Dsquared2's Menswear AW24 Fashion Show at Milan Fashion Week

Dean and Dan Caten’s latest runway show was an exuberant exploration of the twin dynamic, perfectly fitting for the irrepressible Canadian brothers. Who better to illustrate "the two sides of the coin" than these fashion dynamos, who live and breathe the reality of being a day-and-night double version of each other? Their show was a delightful spectacle—fun, uplifting, with just the right amount of camp, and brimming with maximalist, mashed-up styling. In today’s often monotone fashion landscape, it felt like a breath of fresh air. The show’s cast featured sets of twins, one dressed in Dsquared2’s signature grungy daywear. Upon entering a "makeover machine," the other twin emerged transformed, glammed up in an evening version of what the first was wearing. The set, a sleek white box, provided a glossy backdrop for the grand finale, where the Catens made a memorable appearance. Dan sported a macho look with fitted black jeans and a see-through glittery chiffon shirt, while Dean wowed as a diva with a flame-red hairdo and a black corset dress, revealing his legs and strutting confidently on ultra-high stilettos. They brought the house down. The show itself was a visual treat, featuring 'busted' models in the brand’s flashy, trashy nouveau take on the Y2K aesthetic it helped pioneer—oversized faux fur trapper hats, distressed denim, and blinged-out accessories.
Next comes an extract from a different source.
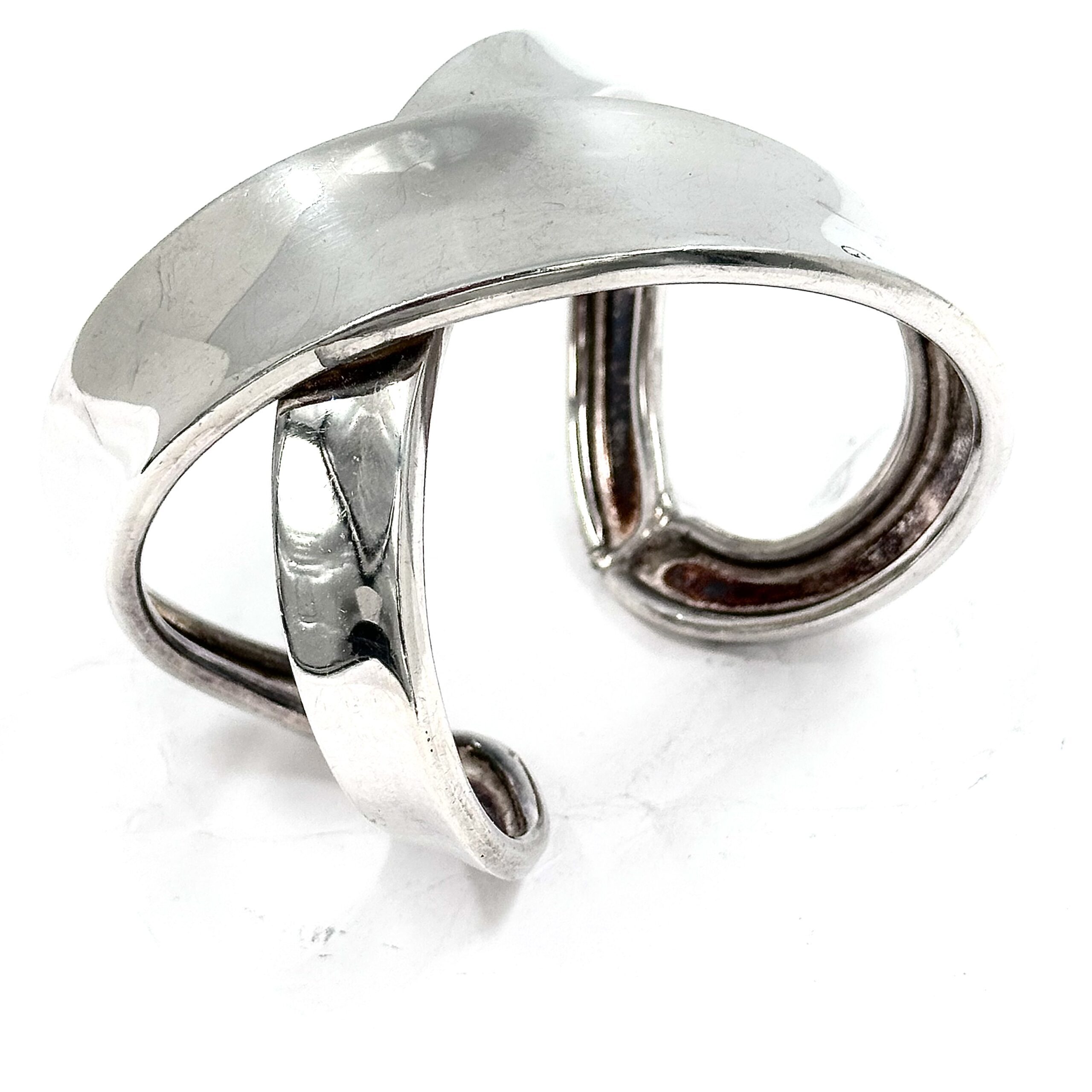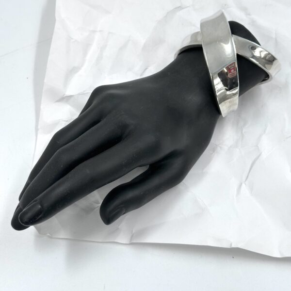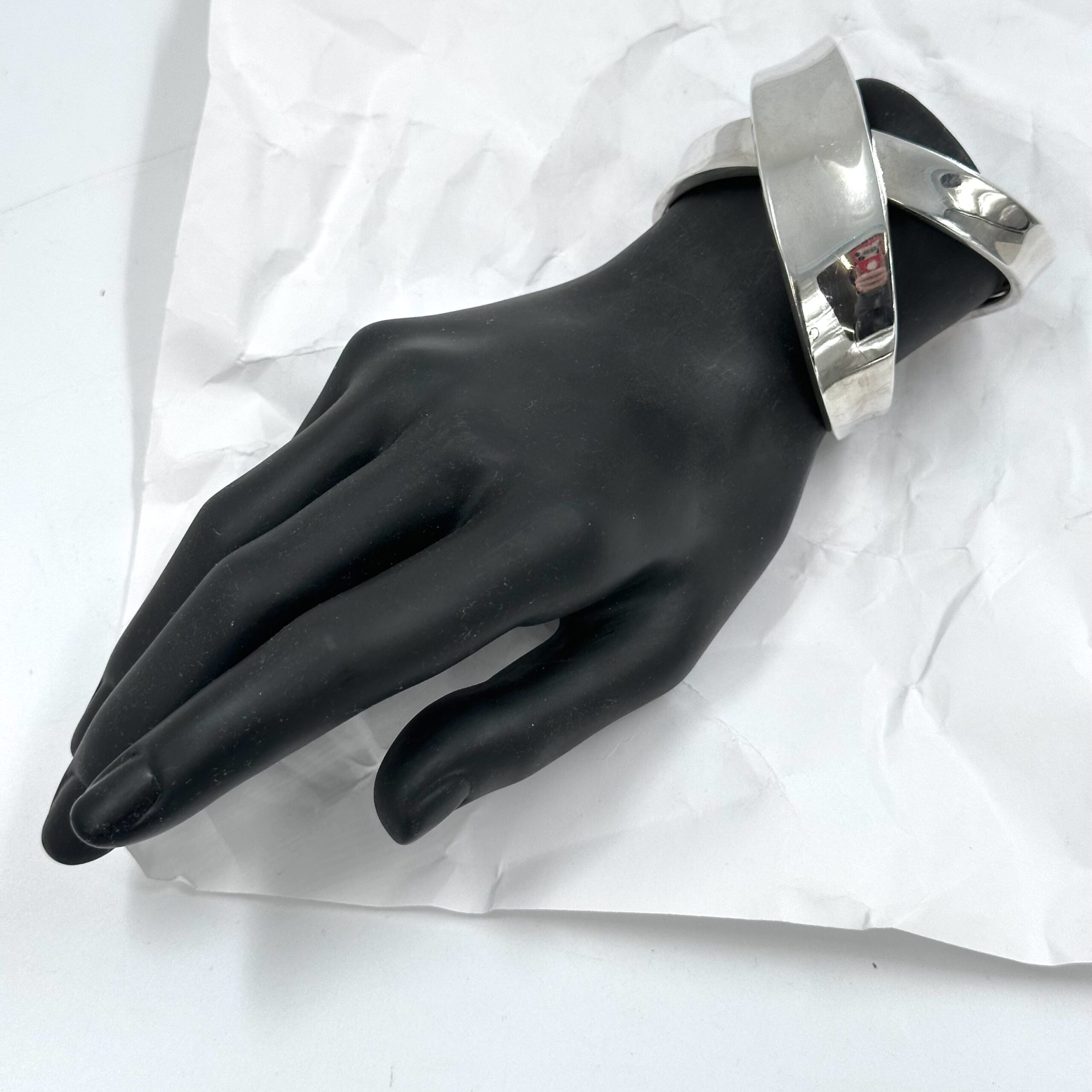 This very small size Robert Lee Morris Silver Eternity Cuff is a beautiful finished piece. While it is for a very small wrist, it packs a bunch with its weight at 2.5 oz. Dramatic sweeping lines make this cuff so beautiful.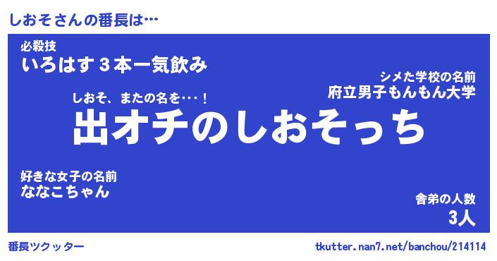 | ヒーロー風カッコイイあだ名 | 『スーパーシオソ』『ウルトラしおそマン』 |

These models underwent a glow-up halfway down the runway, stepping into a futuristic pod reminiscent of the 00s makeover series Snog, Marry, Avoid . With the event announced via a clinical bottle of undisclosed liquid invite—interpreted by some as Botox, others as Ozempic—the made-over models emerged with enhanced faces and high-glam, floor-sweeping gowns, enormous feathered coats, and sleek, sexy, 70s-inspired tailoring. It was a tongue-in-cheek ode to the power of plastic surgery and its influence far beyond fashion. As the last model disappeared backstage, the audience was momentarily left in suspense with only one Caten appearing for a runway lap. Confusion gave way to delight as George Michael’s "Freedom 90!" blared from the speakers, and Dean stepped out in full drag, wearing a dress reminiscent of Diana's revenge dress, towering stilettos, and a coiffed orange wig that channelled Linda Evangelista at her peak. The audience erupted in applause, proving that if there’s one thing the twins know how to do, it’s put on an unforgettable show.